→ **SUPPLIED DATA**
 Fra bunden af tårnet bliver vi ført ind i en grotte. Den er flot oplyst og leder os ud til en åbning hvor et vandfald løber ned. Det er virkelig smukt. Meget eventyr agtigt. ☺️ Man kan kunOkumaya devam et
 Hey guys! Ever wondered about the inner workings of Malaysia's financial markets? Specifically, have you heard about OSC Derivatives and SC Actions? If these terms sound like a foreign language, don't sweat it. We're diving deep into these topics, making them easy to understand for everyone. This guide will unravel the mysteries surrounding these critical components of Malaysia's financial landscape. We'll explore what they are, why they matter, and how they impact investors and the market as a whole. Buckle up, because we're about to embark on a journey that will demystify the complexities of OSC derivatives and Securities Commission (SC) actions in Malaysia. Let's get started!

* * *

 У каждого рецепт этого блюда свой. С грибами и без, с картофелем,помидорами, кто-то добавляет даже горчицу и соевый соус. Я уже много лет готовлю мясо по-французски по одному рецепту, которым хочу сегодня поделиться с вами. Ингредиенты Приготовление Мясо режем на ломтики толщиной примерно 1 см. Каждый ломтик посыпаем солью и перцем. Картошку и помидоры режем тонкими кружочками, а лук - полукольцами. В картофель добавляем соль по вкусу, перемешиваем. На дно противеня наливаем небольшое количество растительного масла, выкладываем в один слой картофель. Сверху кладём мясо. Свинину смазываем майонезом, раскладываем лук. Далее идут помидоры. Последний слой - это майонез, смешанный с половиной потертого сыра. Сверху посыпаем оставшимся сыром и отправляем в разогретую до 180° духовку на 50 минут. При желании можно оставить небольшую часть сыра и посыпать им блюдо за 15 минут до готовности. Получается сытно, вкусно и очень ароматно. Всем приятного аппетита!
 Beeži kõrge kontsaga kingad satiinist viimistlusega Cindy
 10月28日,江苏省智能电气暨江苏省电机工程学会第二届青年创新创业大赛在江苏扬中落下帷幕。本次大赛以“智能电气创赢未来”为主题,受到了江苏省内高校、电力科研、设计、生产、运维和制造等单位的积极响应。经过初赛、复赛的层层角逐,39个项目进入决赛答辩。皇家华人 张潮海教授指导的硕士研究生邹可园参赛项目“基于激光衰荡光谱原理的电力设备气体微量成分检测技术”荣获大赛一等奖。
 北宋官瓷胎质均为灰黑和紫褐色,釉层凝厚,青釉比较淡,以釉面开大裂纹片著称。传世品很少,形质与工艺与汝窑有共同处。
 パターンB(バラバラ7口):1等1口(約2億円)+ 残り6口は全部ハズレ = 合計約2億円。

→ **AIM OF THE TASK**
Repeat word for word the lines above that run from the line containing "10月28日,江苏省智能电气" through the line containing "パターンB(バラバラ7口):1等1口(約2億円)+ 残り6口は全部ハズレ = 合計約2億円。", both ends included, and nothing else.

→ **WRITTEN SOLUTION**
 10月28日,江苏省智能电气暨江苏省电机工程学会第二届青年创新创业大赛在江苏扬中落下帷幕。本次大赛以“智能电气创赢未来”为主题,受到了江苏省内高校、电力科研、设计、生产、运维和制造等单位的积极响应。经过初赛、复赛的层层角逐,39个项目进入决赛答辩。皇家华人 张潮海教授指导的硕士研究生邹可园参赛项目“基于激光衰荡光谱原理的电力设备气体微量成分检测技术”荣获大赛一等奖。
 北宋官瓷胎质均为灰黑和紫褐色,釉层凝厚,青釉比较淡,以釉面开大裂纹片著称。传世品很少,形质与工艺与汝窑有共同处。
 パターンB(バラバラ7口):1等1口(約2億円)+ 残り6口は全部ハズレ = 合計約2億円。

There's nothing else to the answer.